UNITED STATES
SECURITIES AND EXCHANGE COMMISSION
Washington, D.C. 20549
FORM 8-K
CURRENT REPORT
Pursuant to Section 13 or 15(d) of the
Securities Exchange Act of 1934.
Date of Report: June 12, 2008
(Date of earliest event reported)
Oragenics, Inc
(Exact name of registrant as specified in its charter)
FL | 001-38122 | 59-3410522 | ||
(State or other jurisdiction of incorporation) |
(Commission File Number) | (IRS Employer Identification Number) |
13700 Progress Blvd | 32615 | |
(Address of principal executive offices) | (Zip Code) |
386-418-4018
(Registrants telephone number, including area code)
Not Applicable
(Former Name or Former Address, if changed since last report)
Check the appropriate box below if the Form 8-K filing is intended to simultaneously satisfy the filing obligation of the registrant under any of the following provisions:
¨ | Written communications pursuant to Rule 425 under the Securities Act (17 CFR 230.425) |
¨ | Soliciting material pursuant to Rule 14a-12 under the Exchange Act (17 CFR 240.14a-12) |
¨ | Pre-commencement communications pursuant to Rule 14d-2(b) under the Exchange Act (17 CFR 240.14d-2(b)) |
¨ | Pre-commencement communications pursuant to Rule 13e-4(c) under the Exchange Act (17 CFR 240.13e-4(c)) |
ITEM 1.01 | ENTRY INTO A MATERIAL DEFINITIVE AGREEMENT |
On June 12, 2008, the Company entered into a Securities Purchase Agreement (the Securities Purchase Agreement), and closed on the private placement financing contemplated by its previously announced term sheet. As a result of the closing, the Company received $2,600,000 in additional capital and is obligated to issue 5,777,778 million shares of common stock and warrants to acquire 5,777,778 million shares of our common stock to the purchasers. The warrants are each able to be immediately exercised at a price of $1.30 per share.
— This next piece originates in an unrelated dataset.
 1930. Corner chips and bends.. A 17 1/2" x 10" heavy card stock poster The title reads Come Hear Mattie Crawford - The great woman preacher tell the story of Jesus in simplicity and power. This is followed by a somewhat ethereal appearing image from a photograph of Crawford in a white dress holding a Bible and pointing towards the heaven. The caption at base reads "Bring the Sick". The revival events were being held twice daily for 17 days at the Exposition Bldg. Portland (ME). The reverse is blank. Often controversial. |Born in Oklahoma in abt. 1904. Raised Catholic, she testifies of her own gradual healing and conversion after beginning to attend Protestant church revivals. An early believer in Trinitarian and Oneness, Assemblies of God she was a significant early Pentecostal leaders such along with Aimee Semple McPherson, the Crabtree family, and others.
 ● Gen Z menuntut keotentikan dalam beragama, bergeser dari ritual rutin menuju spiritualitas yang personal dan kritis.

The purchasers under the Securities Purchase Agreement were also granted piggyback registration rights in connection with another subsequent registration statement the Company. The purchasers were accredited investors and existing shareholders in the Company. The transaction was consummated pursuant to an exemption under Section 4(2) of the Securities Act of 1933 as amended.
The Securities Purchase Agreement and the Form of the Warrant are attached as Exhibit 10.1 and is incorporated by reference herein. The foregoing description of the Securities Purchase Agreement is qualified in its entirety by reference to Exhibit 10.1.
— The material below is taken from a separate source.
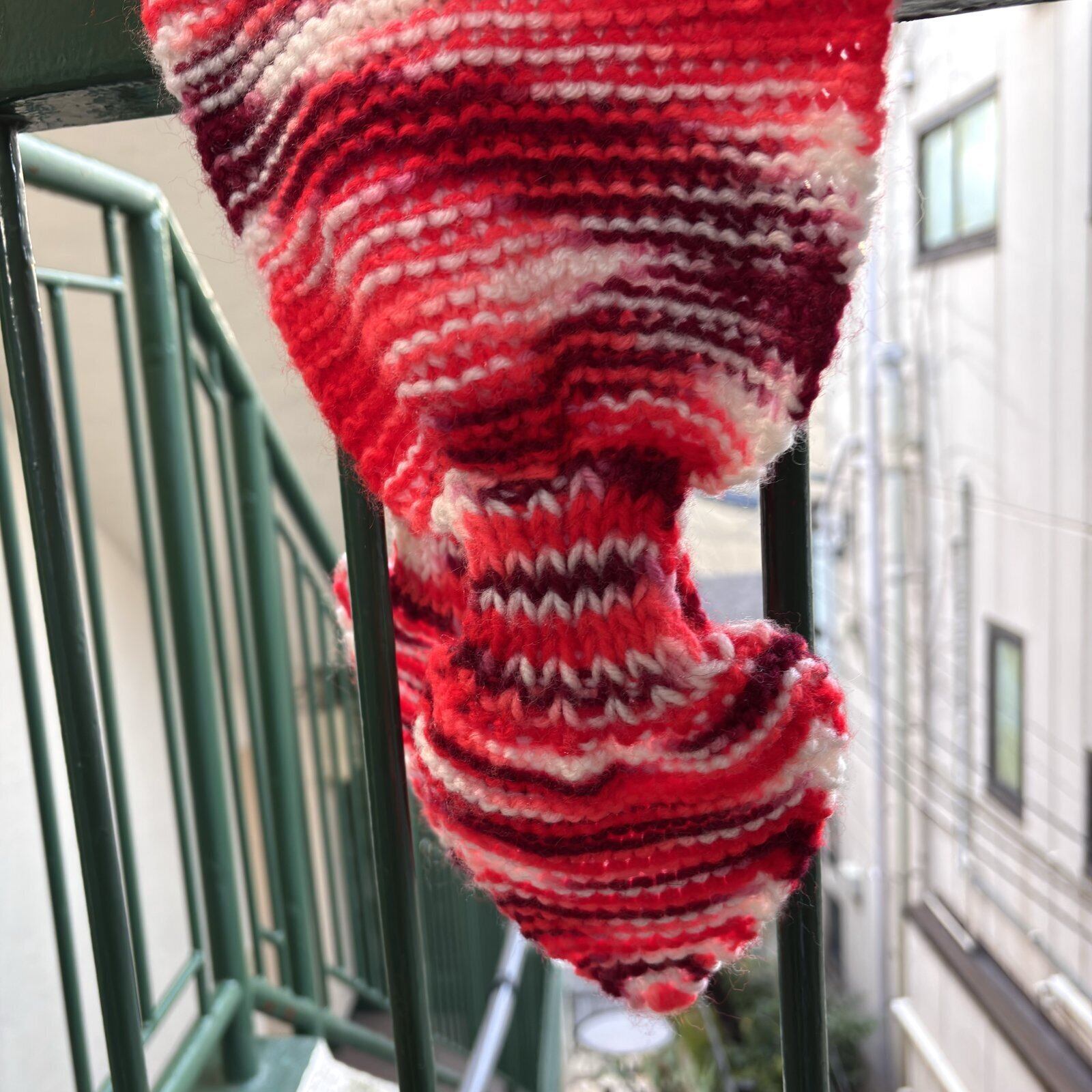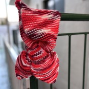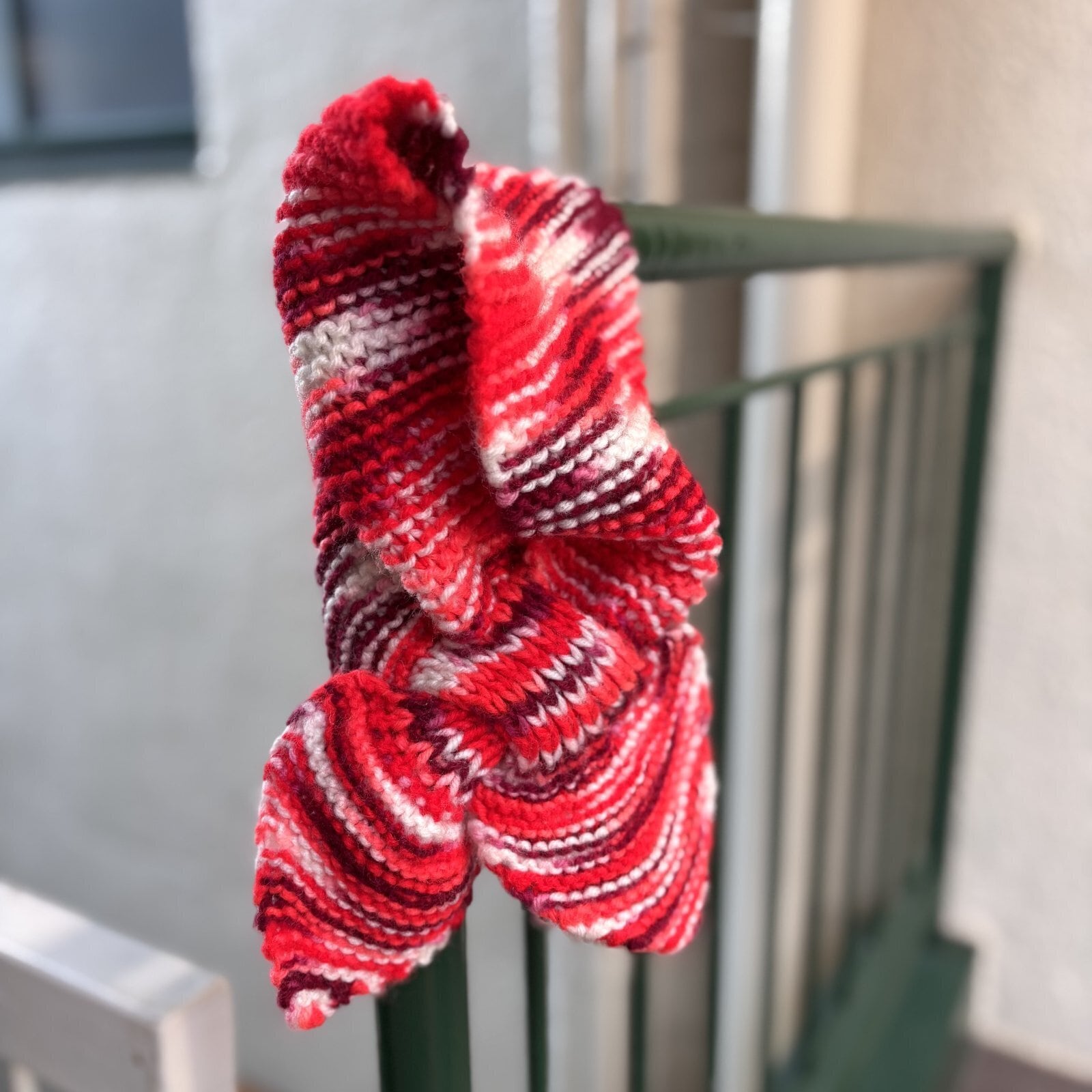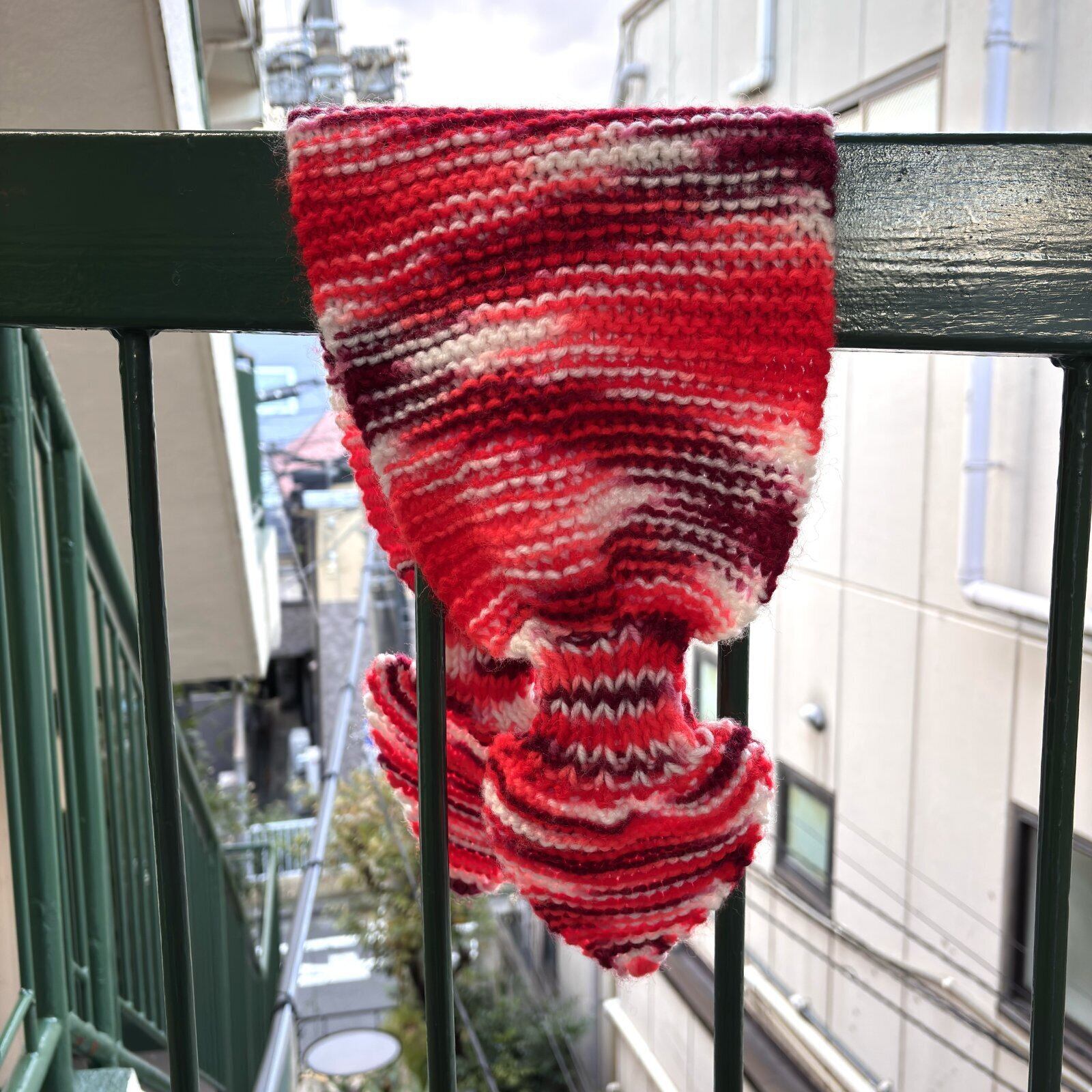 ボルドー、レッド、ピンク、ホワイトのグラデーションカラーの編み目やループに通すおリボンのようなデザインがとっても可愛いアイテムです。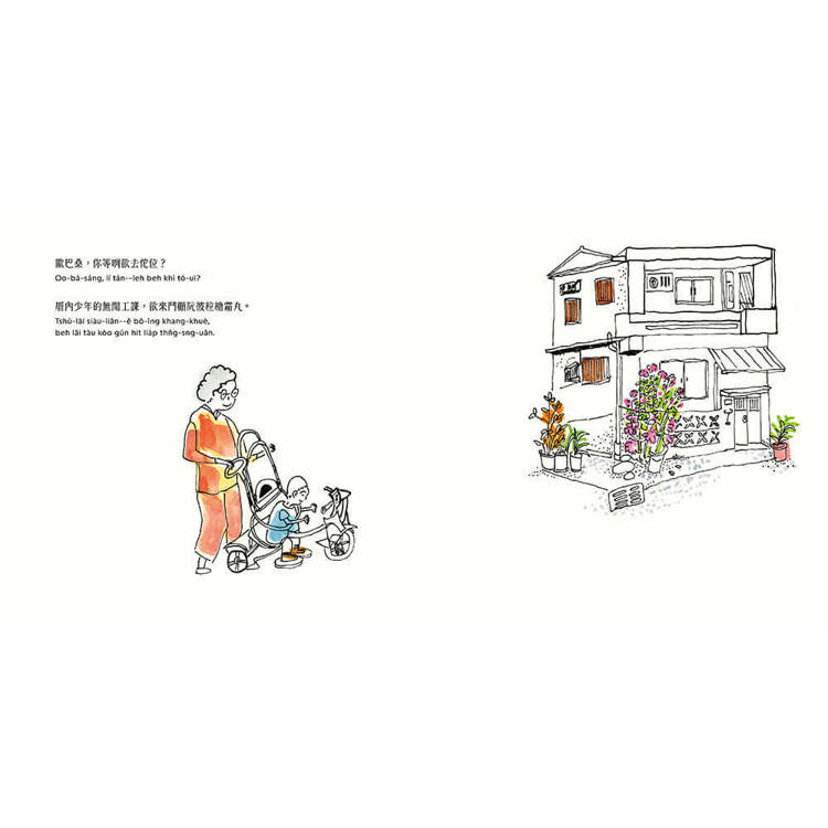 第48屆金鼎獎得主陳芊榕人生問路新作,運用線條與色塊的錯位疊合,描繪富有老派文化魅力的台灣歐巴桑群像和台灣街景。台文漢羅與羅馬拼音並陳,展現母語詞彙的韻味和層次。透過簡單的對話文本,探索你我由少到老的大哉問:未來要去哪裡?適合熟齡閱讀、親子共享的生命教育;在日常風景裡直視分離課題,討論死亡與當下。

A copy of the June 13, 2008 press release announcing the closing of the Securities Purchase Agreement is attached to this report as Exhibit 99.1 and is incorporated herein by reference.
ITEM 3.02 | UNREGISTERED SALES OF EQUITY SECURITIES |
The information set forth in Item 1.01 is incorporated herein by reference.
Item 9.01 | FINANCIAL INFORMATION AND EXHIBITS |
(c) Exhibits.
Number |
Description | |
10.1 |
Securities Purchase Agreement dated June 12, 2008 by and between the Company and George T. Hawes and William F. Matlack (including the Form of the Warrant) | |
99.1 |
Press Release dated June 13, 2008 |
SIGNATURES
In accordance with the requirements of the Exchange Act, the registrant caused this report to be signed on its behalf by the undersigned, thereunto duly authorized on this 13th day of June, 2008.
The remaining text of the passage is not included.